- **SUPPLIED RECORDS**
──────────────────────────────

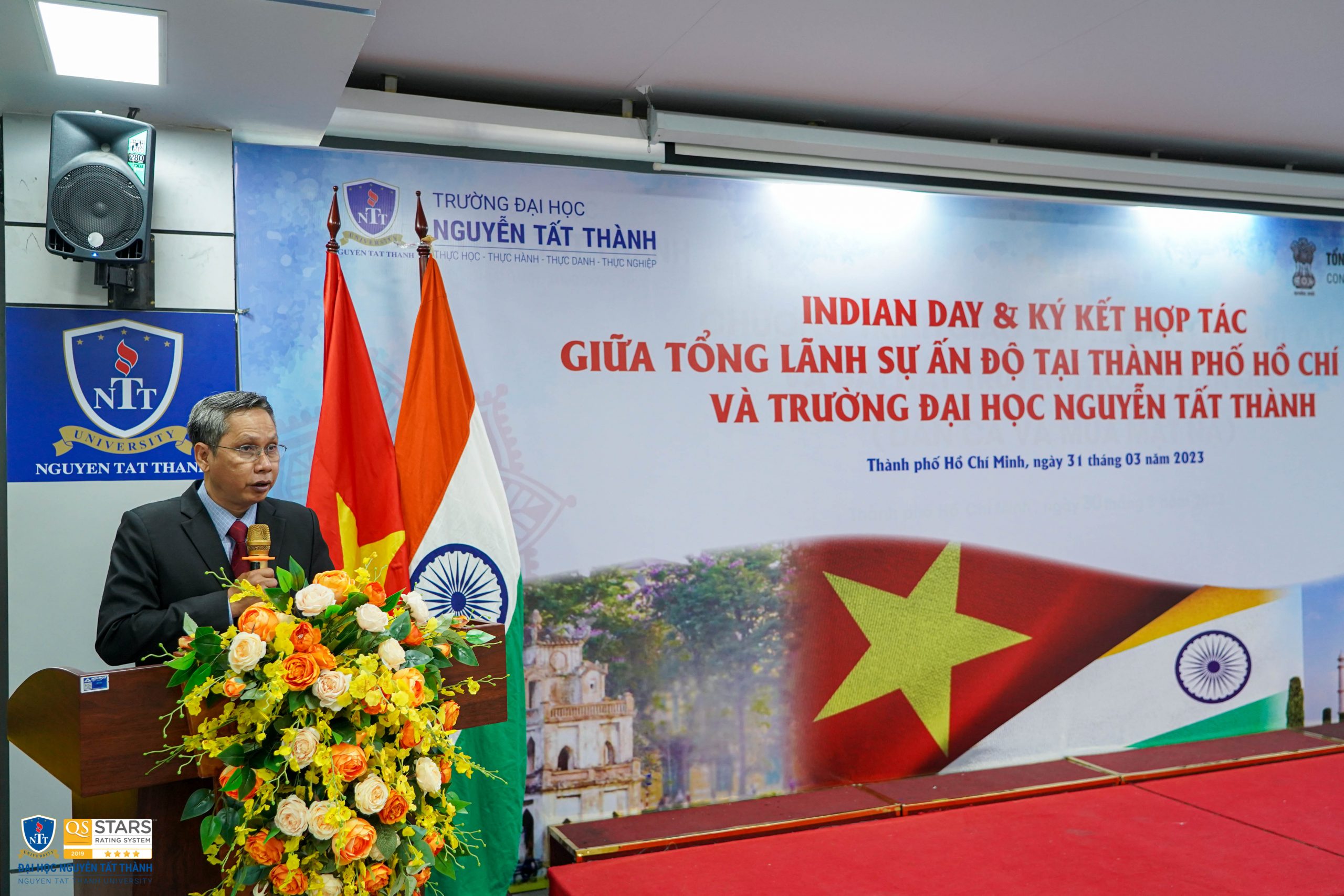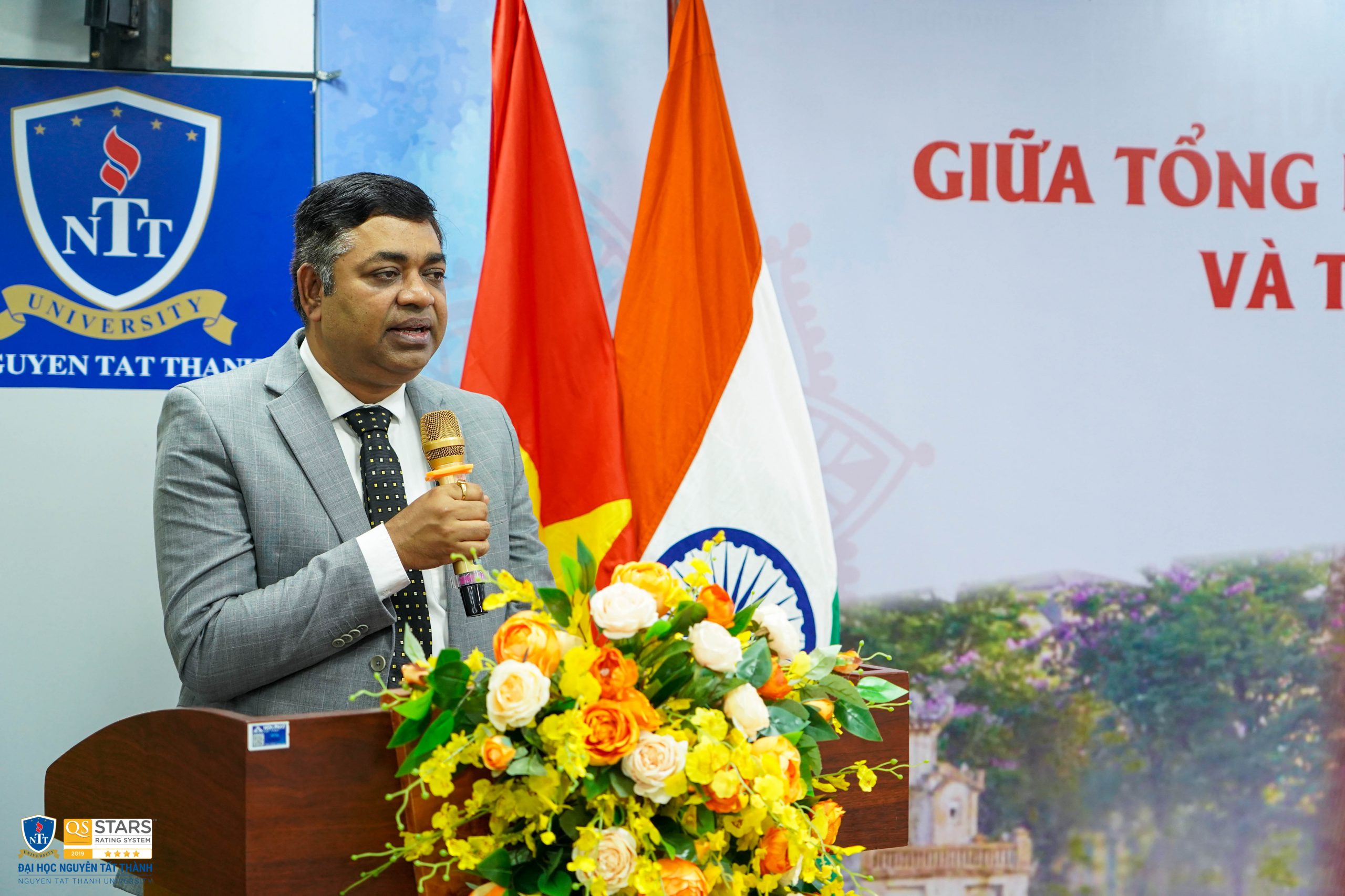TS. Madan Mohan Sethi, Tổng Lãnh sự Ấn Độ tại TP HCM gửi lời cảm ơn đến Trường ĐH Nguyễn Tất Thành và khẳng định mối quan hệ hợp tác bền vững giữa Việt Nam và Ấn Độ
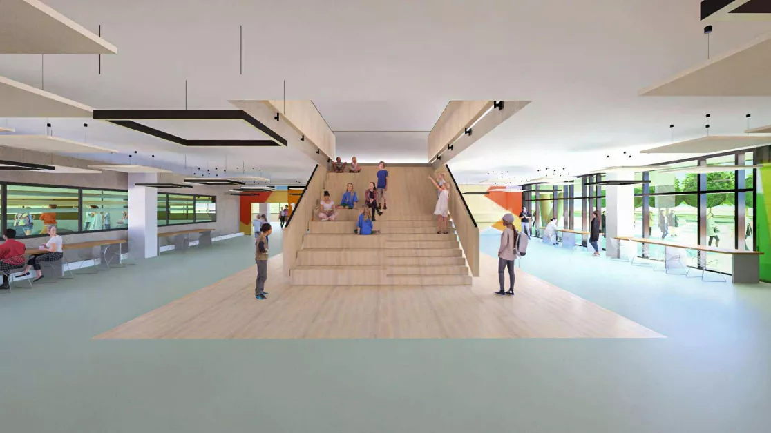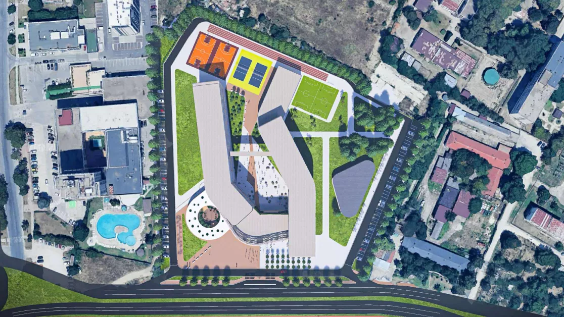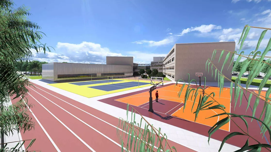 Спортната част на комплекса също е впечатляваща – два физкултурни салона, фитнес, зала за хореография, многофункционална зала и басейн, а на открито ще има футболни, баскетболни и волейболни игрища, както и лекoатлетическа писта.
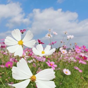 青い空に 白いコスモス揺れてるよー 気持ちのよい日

──────────────────────────────

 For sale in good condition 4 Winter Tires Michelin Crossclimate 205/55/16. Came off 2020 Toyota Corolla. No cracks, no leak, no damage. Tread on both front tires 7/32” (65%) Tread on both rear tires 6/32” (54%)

──────────────────────────────

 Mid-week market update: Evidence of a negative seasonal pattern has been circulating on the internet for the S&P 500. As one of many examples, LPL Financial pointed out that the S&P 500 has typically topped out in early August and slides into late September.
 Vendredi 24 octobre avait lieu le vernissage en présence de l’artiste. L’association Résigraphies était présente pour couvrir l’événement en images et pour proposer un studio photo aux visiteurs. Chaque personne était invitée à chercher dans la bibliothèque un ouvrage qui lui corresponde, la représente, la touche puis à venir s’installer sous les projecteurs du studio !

──────────────────────────────

- **TASK TO COMPLETE**
All that is wanted is the lines above between the one containing "Спортната част на" and the one containing "青い空に 白いコスモス揺れてるよー 気持ちのよい日", inclusive, restated word for word, with pictures omitted.

- **SOLUTION TO THIS PROBLEM**
 Спортната част на комплекса също е впечатляваща – два физкултурни салона, фитнес, зала за хореография, многофункционална зала и басейн, а на открито ще има футболни, баскетболни и волейболни игрища, както и лекoатлетическа писта.
 青い空に 白いコスモス揺れてるよー 気持ちのよい日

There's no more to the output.